▶ [WHAT THE EXERCISE ASKS] Could you write out, exactly as they stand, only the lines in the listing below from the line with "湖北华新水泥、葛洲坝水泥、骏王水泥等通知上调水泥报价50元/吨。" to the line with "flower extract, glycerin)", both ends included, without the pictures?

▶ [RECORDS SUPPLIED]
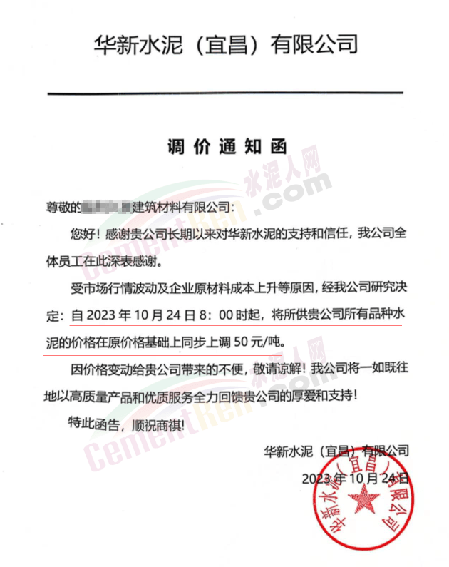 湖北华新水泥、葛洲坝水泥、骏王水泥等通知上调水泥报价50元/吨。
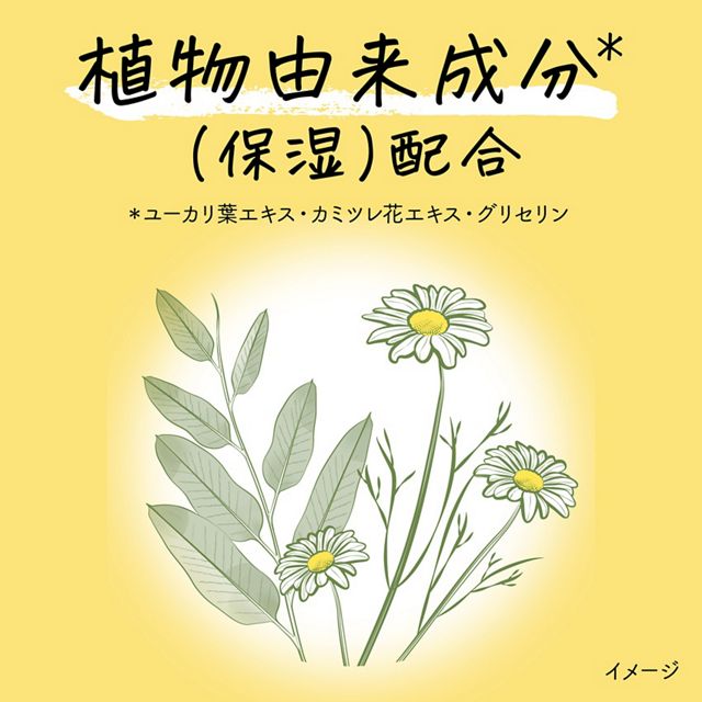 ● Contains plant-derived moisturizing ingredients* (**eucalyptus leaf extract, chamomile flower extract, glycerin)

---

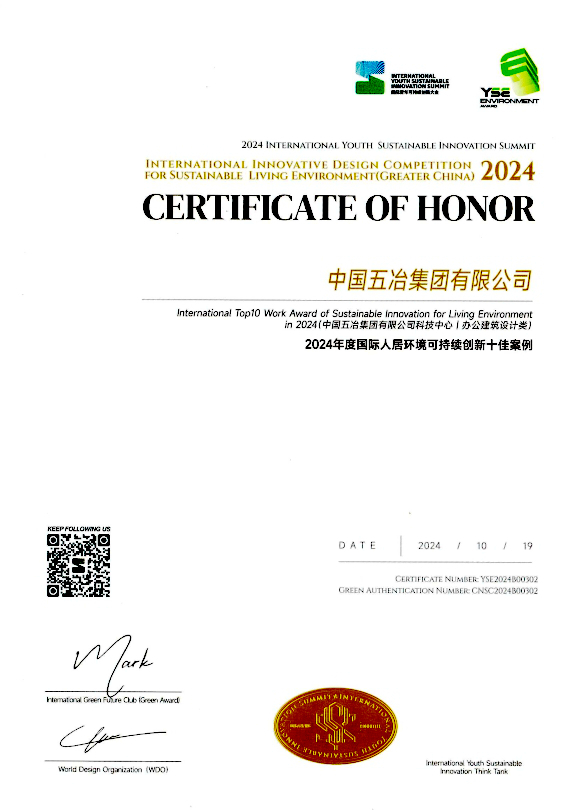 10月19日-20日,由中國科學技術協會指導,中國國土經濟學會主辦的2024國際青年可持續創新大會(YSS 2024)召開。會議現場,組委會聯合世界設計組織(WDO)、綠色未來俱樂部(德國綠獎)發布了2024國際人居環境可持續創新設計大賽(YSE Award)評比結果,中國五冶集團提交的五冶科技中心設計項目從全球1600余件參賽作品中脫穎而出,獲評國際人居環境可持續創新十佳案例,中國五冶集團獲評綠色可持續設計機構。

▶ [YOUR RESPONSE]
 湖北华新水泥、葛洲坝水泥、骏王水泥等通知上调水泥报价50元/吨。
 ● Contains plant-derived moisturizing ingredients* (**eucalyptus leaf extract, chamomile flower extract, glycerin)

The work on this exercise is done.